I change my oil more frequently that Porsche suggests because my RS spends a lot of time in the upper RPM register and I am more concerned with the effects of heat and combustion by products. Oil change intervals for the nearly identical 997 Cup engine are measured in hours of track use and are much shorter than those proposed for street cars.

I assume that other aspects of the oil analysis should also be weighed when looking at a track motor?

Regards,
Bob,

Based on the reports I've reviewed for my oil experiments, I would agree that your approach is sound and warranted.
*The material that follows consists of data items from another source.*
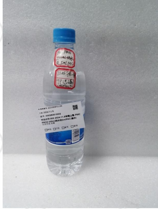
2024.11.6 华南山鹰-PMC PM33 500ml 纯水兑 5ml PAC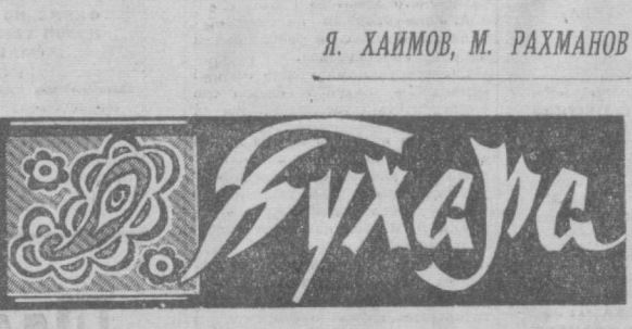
Отрывок из романа «Расстояние до счастья»

не шевелься, не произноси ни одного слова. На его глазах были два — богатого, уважаемого человека. Самого дядю! А Рафаиль по-прежнему надрыла. — Я русско-подданный!!! Русско-подданный!!! Я подданный русского царя! Эти слова, наконец, двинулись от городских ворот. Рафаиль тяжело дышал. Вот как началось его путешествие. Он искал в этом городе спасения от большевиков, а солдаты эмира встретили плеткой, изверги. Да еще были на глазах нищего племянника. — Будьте вы про-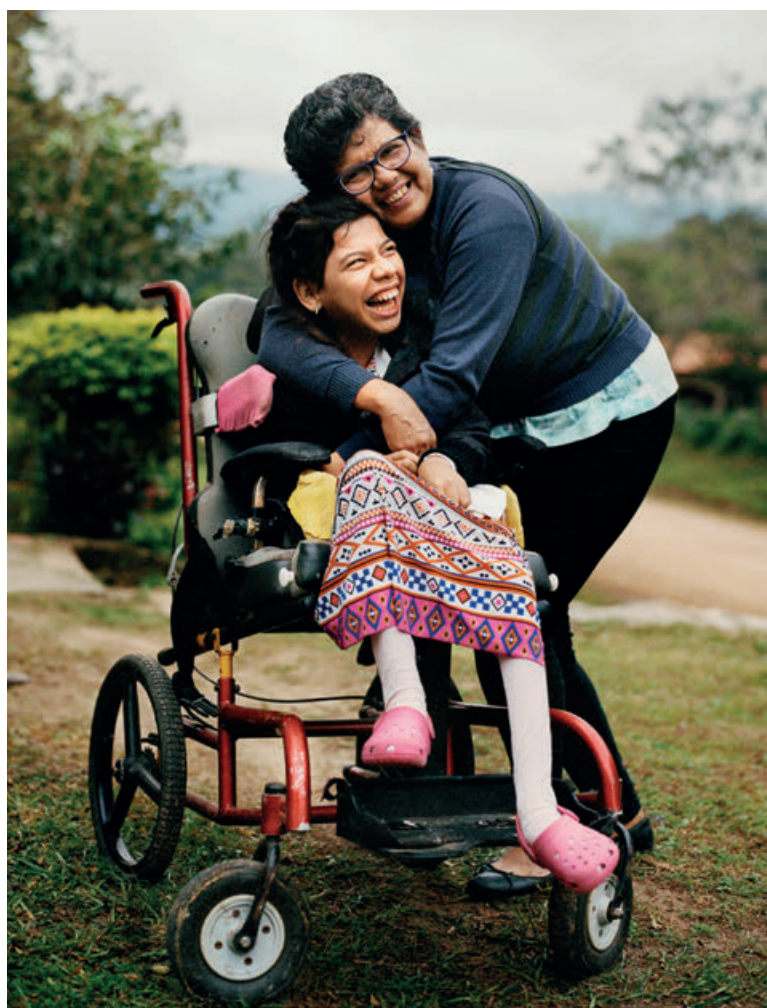
Фото: Кристиан Тассо. Сделано в рамках проекта Европейского союза «Сокращая дистанцию II – инклюзивная политика и услуги для равных прав людей с инвалидностью» и предоставлено Международным и Иbero-Американским обществом управления и государственной политики.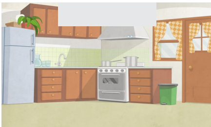
⚠ COZINHA - Umidade, calor, fácil acesso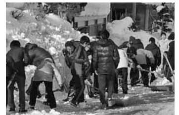
▲除雪ボランティア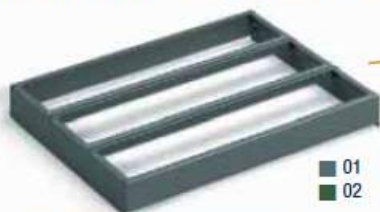
TELAIO PORTA BOCCOLE A 3 FILE COD. ART.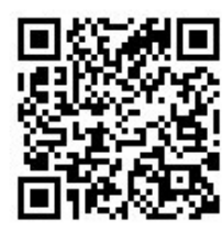
郷土博物館 ツイッター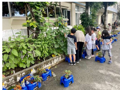
ランチルーム前の花壇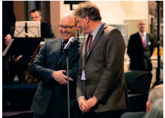
Die Kongresspräsidenten danken allen herzlich für den erfolgreichen Kongress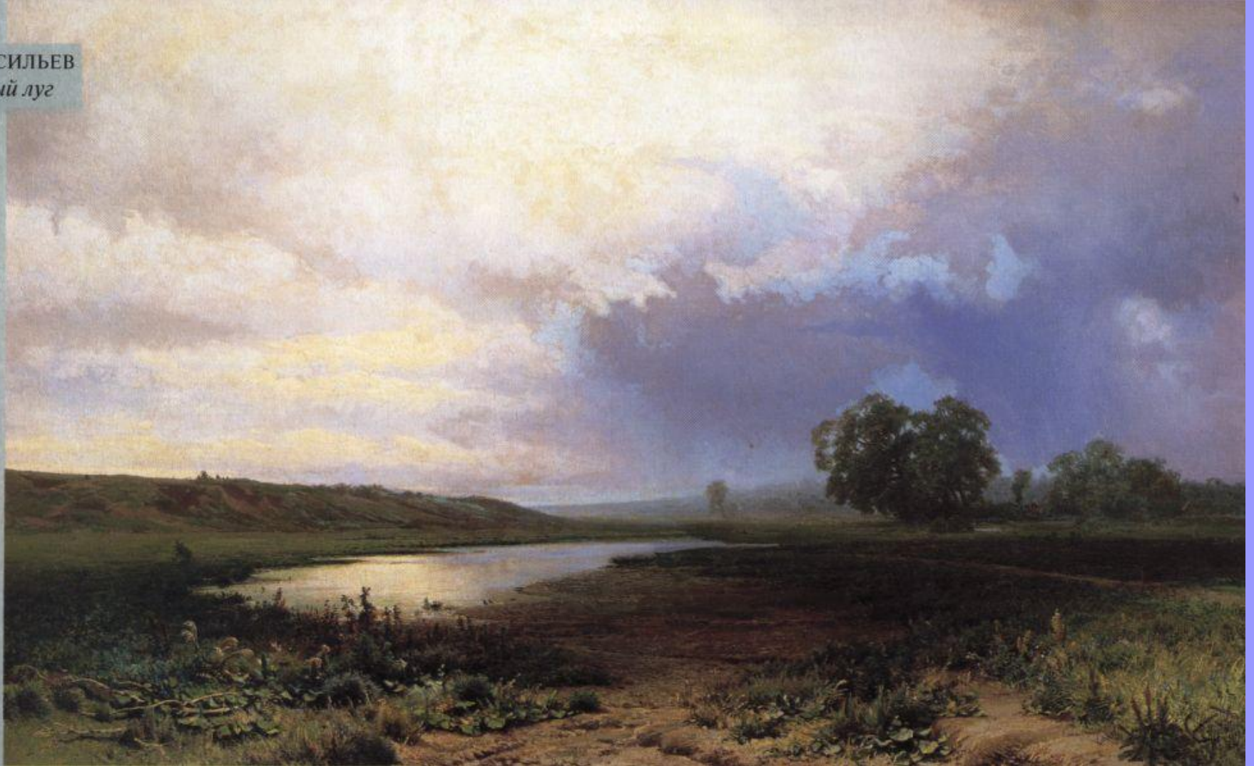
Ф. ВАСИЛЬЕВ Мокрый луг

«Нет у нас пейзажиста-поэта в настоящем смысле этого слова, и если кто может и должен им быть, то это только Васильев»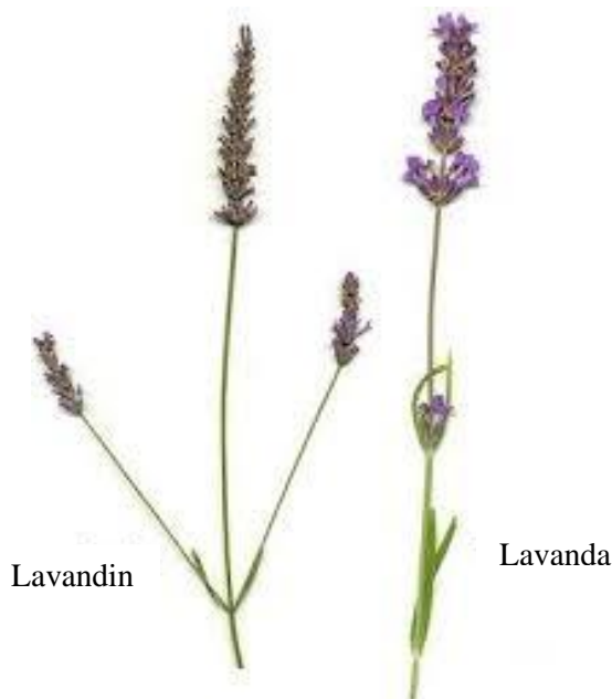
Slika 3. Razlika između lavandina i lavande

Eterično ulje lavandina ima drugačije djelovanje od onoga prave lavande i bogatije je kamforom ( https://www.svijet-biljaka.hr/index.php/hr/sadnice/lavandin ). Lavandin je križanac prave i širokoliste lavande (slika 3.). Razlog zašto se sadi lavandin je zbog veće iskoristivosti biljke. Naime prava lavanda daje male količine eteričnog ulja, za razliku od lavandina koji daje tri puta više. Osim prinosa, lavanda i lavandin razlikuju se u izgledu, ali i u djelovanju, jer imaju različit kemijski sastav ( https://myoffdays.com/razlika-između-lavande-i-lavandina/ ).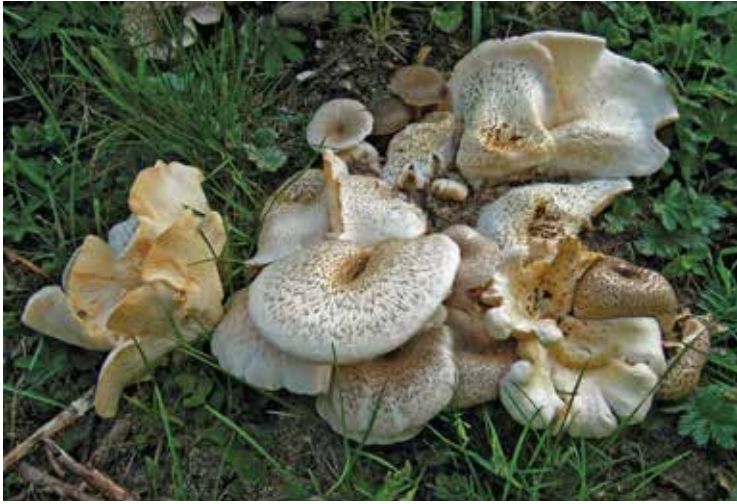
Überraschung am Donauradweg vor Weltenburg: Lentinus tigrinus

Der Umweg führte mich durch einen Weiler, der wie eine bekannte Kreisstadt im Bayerischen Wald heißt, aber nur aus ein paar Häusern besteht – und da stand sie vor mir unter einem Apfelbaum, vor radelnden Gourmets und Mykologen geschützt durch einen stabilen, hohen Zaun: die einzige selbstentdeckte Speisemorchel der Tour – was ich zu dem Zeitpunkt natürlich noch nicht wissen konnte. Ich begrüßte sie wie eine alte Freundin.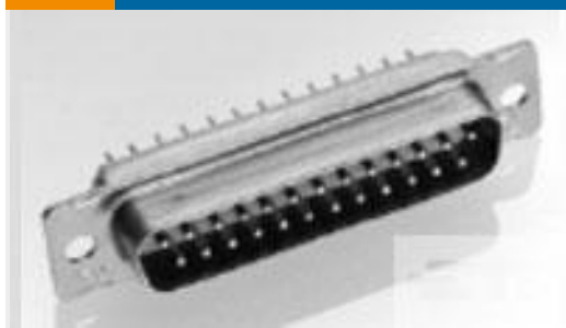
TE 产品编号205161-1 AMPLIMITE,ASY,RCPT,STD,109,1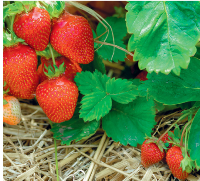
Eine Erdbeerpflanze vermehrt sich durch Ausbildung von Ausläufern, die ein Stück von der Pflanze entfernt im Boden Wurzeln bilden.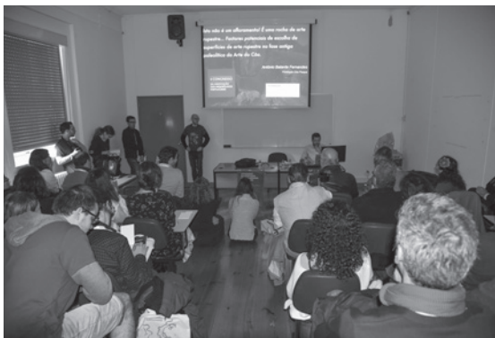
Figura 8 – Aspecto de uma das sessões temáticas do II Congresso da Associação dos Arqueólogos Portugueses.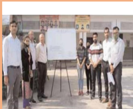
Signature Campaign on Women's Day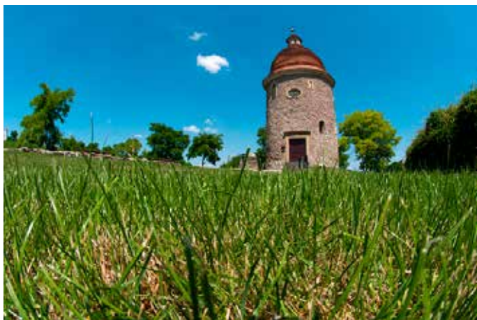
Rotunda sv. Juraja.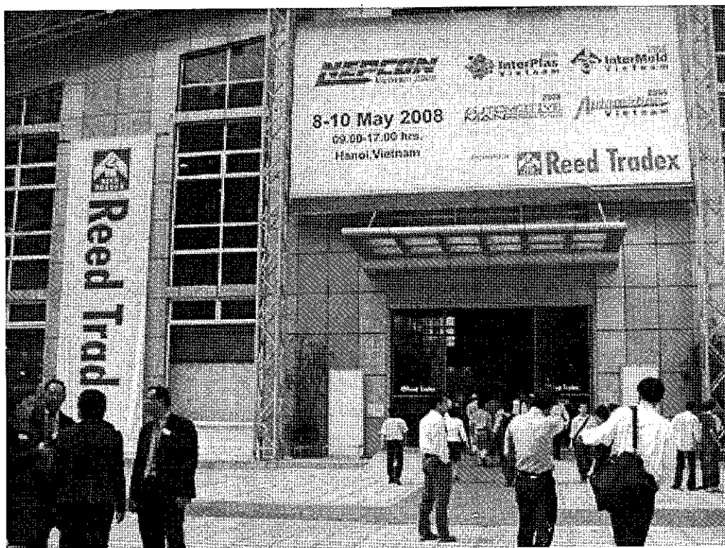
Triển lãm Vietnam Manufacturing Expo năm 2008 diễn ra tại trung tâm triển lãm quốc tế Hà Nội.

Đây sẽ là cơ hội để các doanh nghiệp sản xuất thuộc ngành công nghệ phụ trợ và chế tạo điện tử Việt Nam giao thương, tìm hiểu những công nghệ tiên tiến đến từ hơn 450 hãng sản xuất của 20 quốc gia và vùng lãnh thổ.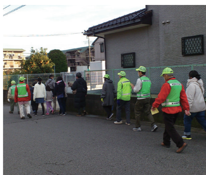
さあこれからパトロール出発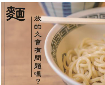
放的久會有問題嗎？

食藥署提醒，消費者應購買外觀、氣味正常的產品，選擇信用良好之商家，並優先選購從冷藏櫃取出販售之產品，購買後應儘速冷藏，不可長時間放置於室溫。麵製品宜有完整包裝，散裝產品應儘速食用，飲食安全才有保障。(本文引用自食品藥物管理署「藥物食品安全週報」第六一四期)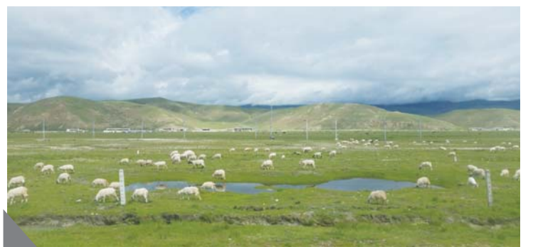
可可西里大草原,有了羊群,便不再孤单。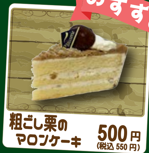
粗ごし栗の マロンケーキ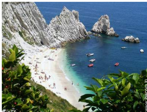
plage de galets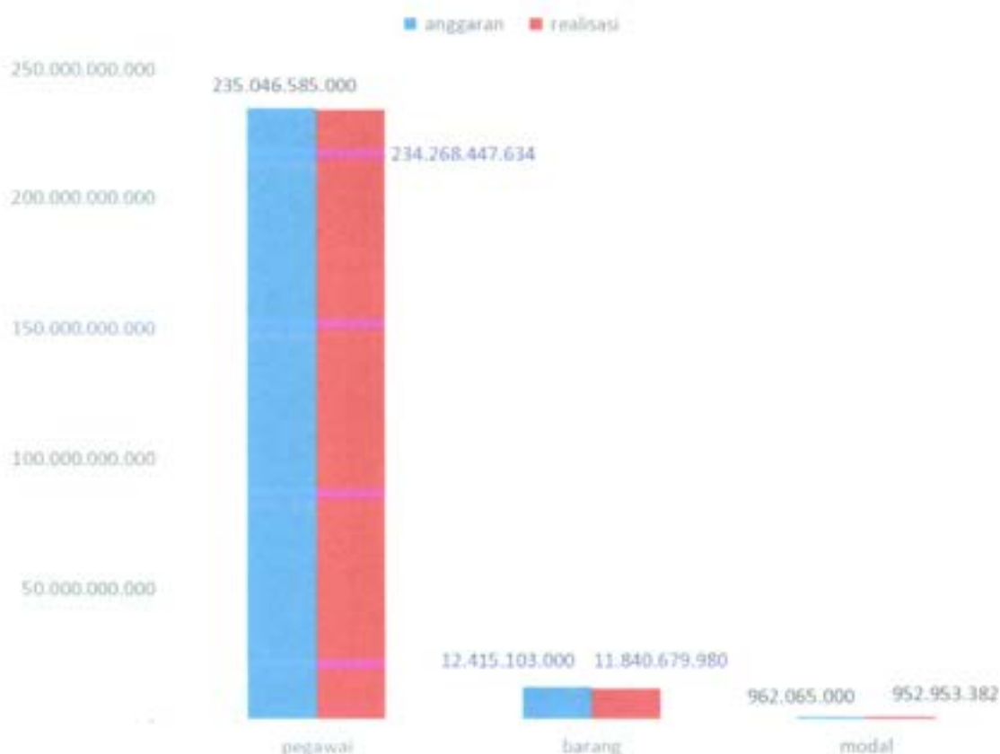
Grafik 1 Komposisi Anggaran dan Realisasi Belanja Tahun Anggaran 2021

Komposisi anggaran dan realisasi belanja tahun anggaran 2021, dapat dilihat dalam grafik berikut ini: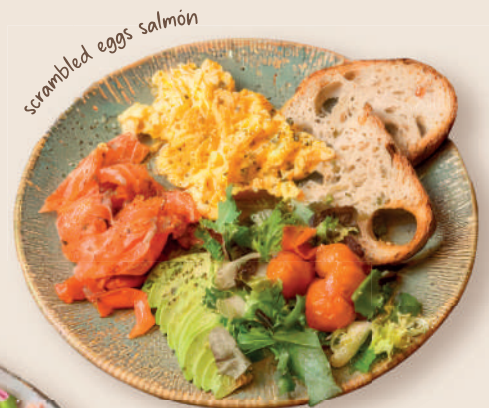
scrambled eggs salmon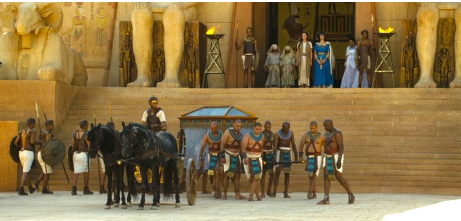
The Red Tent : ... s'en aller au loin.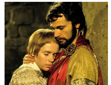
1972 JEANNE, PAPESSE DU DIABLE (Pope Joan) de Michael Anderson avec Liv Ullmann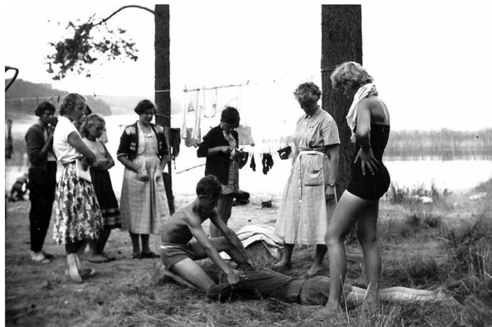
Första hjälpen träning på stranden

Avdelningen hade liksom en, dom hade inte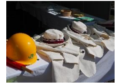
なりきり JR 社員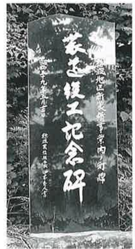
84 記念碑(農道竣工) 寒沢内ノ町 昭和59年 5月(190×60×6)

From an oil analysis standpoint, the only difference I've been able to discern between street vs. track motors is that track motors will break down the oil at a much faster rate. And that fresh oil slows the rate of wear no matter how the car is driven.

If you drive the car hard, you simply "use up" the oil faster and reduce the oils effectiveness in preventing wear. Changing that oil before the debris count gets to high, helps preserve and protect the engine.

Example, I found that 3,500 miles was way too long on synth oil for a car that sees track duty (excessive metal counts). Yet on the street, 3,500 miles on the same/car oil was too early to be changing it, i.e., metal counts normal thus no added benefit from changing early.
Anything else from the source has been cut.